Left ventricular adverse remodelling

From the 65 patients who were followed up, 18 (28%) developed LVR. Characteristics of patients with and without LVR are summarized in Table 1. Troponin and CPK peak were significantly higher in patients with LVR vs. patients without LVR (P ≤ 0.02). After angioplasty, a less improvement was seen in patients with LVR when compared with patients without LVR, for sum ST2 (P < 0.01), but not for ≥70% ST resolution (P = 0.16). The only angiographic parameters which showed a significant difference between patients with and without LVR were the initial angiographic TIMI flow grade, more severely impaired in the former group, and thromboaspiration, less frequently used in the latter group (all P < 0.01).

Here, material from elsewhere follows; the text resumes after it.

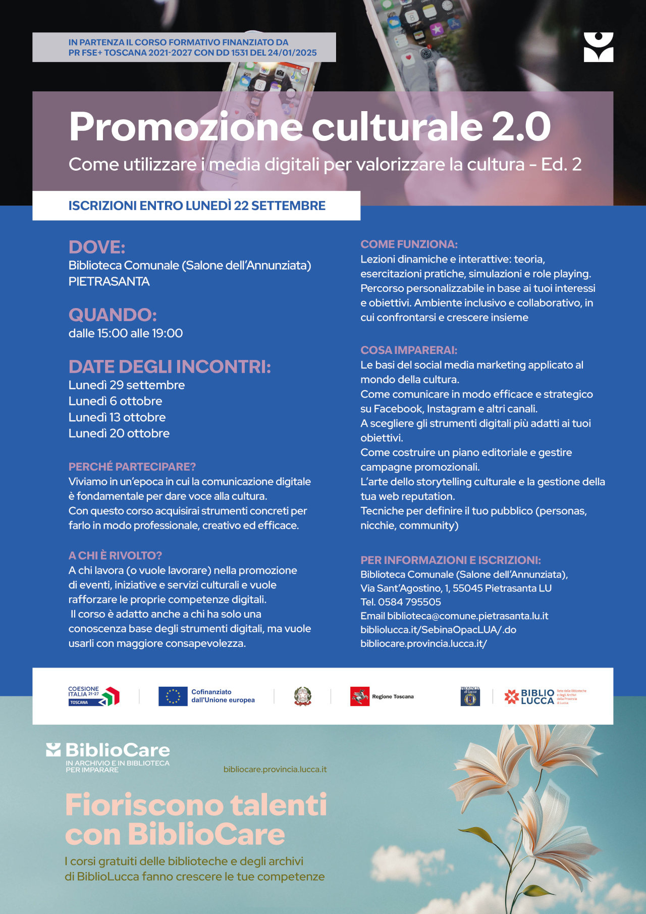A chi lavora (o vuole lavorare) nella promozione di eventi, iniziative e servizi culturali e vuole rafforzare le proprie competenze digitali.

Table 2 summarizes the cardiac drugs taken at follow-up. No significant difference was seen between patients with and without LVR, except aldosterone antagonists more frequently used in the former group. Regarding the acute echocardiography–Doppler parameters, no significant difference was seen between patients with and without LVR for ESV, EDV, LVEF, DTE, and E/Ea, at the acute phase (all P = NS) (Table 3). However, patients with LVR had, at the acute phase, worse regional wall motion abnormalities (WMSI and IZWMSI, all P < 0.01). Not surprisingly, patients with LVR at follow-up had a worse LVEF, EDV, ESV, WMSI, and IZWMSI, when compared with patients without LVR, with a mean per cent change of ESV of +39 vs. −29% (all P < 0.001). Furthermore, the former group had a more severely impaired diastolic function at follow-up (Table 4). Adenosine infusion was well tolerated and CFR was successfully performed in all patients with a mean value at the acute phase of 1.82 ± 0.52. The acute CFR was significantly more severely impaired in patients with LVR compared with patients without LVR (P < 0.01). The hyperaemic flow velocity was slightly but not significantly lower in patients with LVR when compared with patients without LVR. In contrast, the baseline flow velocity was significantly higher in the former group (Table 3). The proportion of a no-reflow pattern was of borderline significance between groups (P = 0.12).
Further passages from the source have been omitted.